If throwing the fight is a low point professionally and attacking his brother is a familial low point, then his personal low point comes after the end of his career when he’s arrested for misconduct with a minor he allowed into his bar. There is no scene more devastating than seeing Jake get locked away in a solitary confinement cell and watching as he beats his fists and his head into the concrete wall. It’s devastating because now that he has no one else to exert his brute force upon, we see just what his anger has always been about. It’s been about his own fallibility and without the faculties to internalize or be introspective, he has simply lashed out at whoever is stands in his path. The concrete prison is merely an external representation of the self-imposed imprisonment of his own psyche.
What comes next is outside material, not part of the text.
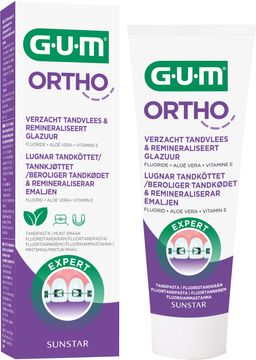 GUM ORTHO Fluoridtandkräm. Skyddar mot karies med hög fluoridhalt (1490 ppm Fluor). Lugnar tandköttet & remineraliserar emaljen. Motverkar plackbildning effektivt med CPC (cetylpyridiniumklorid). Med Aloe Vera, ingefärsextrakt och vitamin E.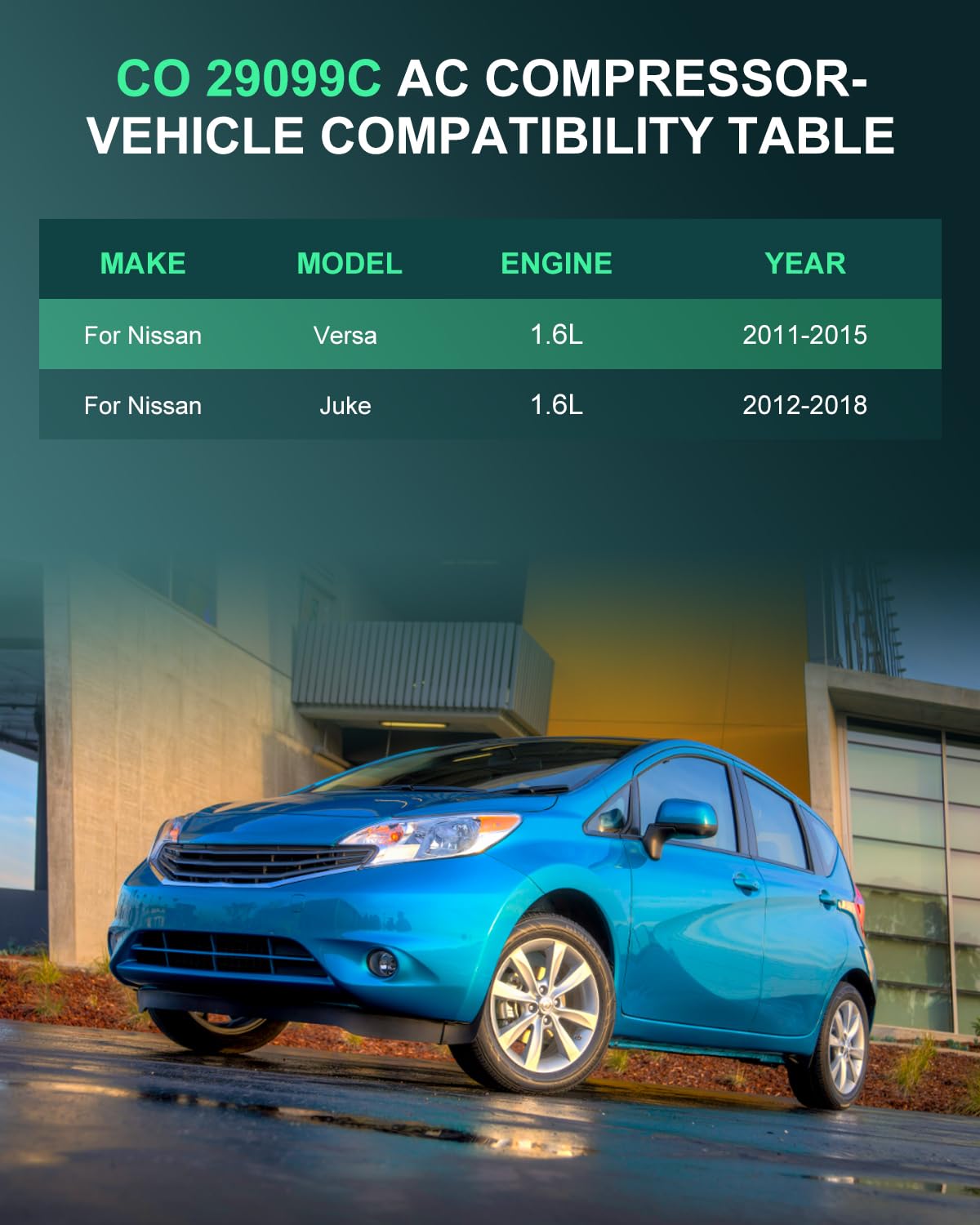 Q: What vehicles are compatible with the SCITOO AC Compressor?A: The SCITOO AC Compressor is compatible with Nissan Juke models from 2011 to 2015, Nissan Versa models from 2012 to 2018, and Nissan Versa Note models from 2014 to 2018, all with a 1.6L engine.

His pounding those walls isn’t only about self-immolation, but about trying to bust through the constraints of his own mind. He’s one of the great Scorsese anti-heroes – not nearly as reflective as Harvey Keitel’s character in Mean Streets and certainly not as psychotic as Travis Bickle, but exhibiting the marks of Catholic guilt that infect virtually all of Scorsese’s protagonists only in this instance without as much explicit symbolism.

The decision to shoot the film in high contrast black and white was somehow inevitable. Can you imagine this film in color? For me, this is a clear example of why black and white photography is the only choice for certain subject matter. Despite the aesthetic considerations, too many movies are filmed in color because it’s much more commercially viable. Michael Chapman’s cinematography evokes the time period of the movie’s setting and makes the lives and surroundings of the characters feel spare. It reflects La Motta and his first wife living a modest existence in The Bronx in 1941, but remains as stark later when he’s married to Vickie and living wealthier lifestyle.

The two greatest discoveries made by Raging Bull were the actors Joe Pesci and Cathy Moriarty. Pesci had made one or two films prior to this, but he was virtually unknown. Incredibly it still took another ten years before he became a movie star when he had Goodfellas and Home Alone released in the same year. He won the Oscar for Goodfellas (it seems he’s always done his best work under Scorsese’s direction, although he was also nominated for Raging Bull.

Moriarty made her film debut here playing the fifteen year old Vickie (when La Motta first meets her) at age nineteen. With her full figure and contralto voice she doesn’t make a convincing teenager, but a younger actress would not have been able to play the older more combative Vickie nearly as successfully. When she packs to leave Jake after he punches her, she has to be determined to set out on her own with two small children, but weak enough that she succumbs to his pleas for forgiveness. Jake uses the same methods (an entirely different kind of exertion of force) on his estranged brother late in the film. Both Vickie and Joey resign themselves to making peace with Jake in those moments for lack of any better outlet.

Last month when Steven Spielberg was preparing to announce the Best Picture winner at the Academy Awards he said that the winner would join a list that includes On the Waterfront and The Deer Hunter. The other nine would join a list that includes Citizen Kane and Raging Bull. What that statement suggested to me was that it hardly matters which film wins the Best Picture Oscar or any other best film award, for that matter. History and posterity will determine the true classics. Ordinary People may still be well regarded as a good movie, but it’s not making anyone’s list of the great films the way Raging Bull does and is likely to continue to for decades to come. It may have taken a late-career revival for Martin Scorsese to finally win his long-overdue Oscar, but that shouldn’t diminish the stature of his earlier work.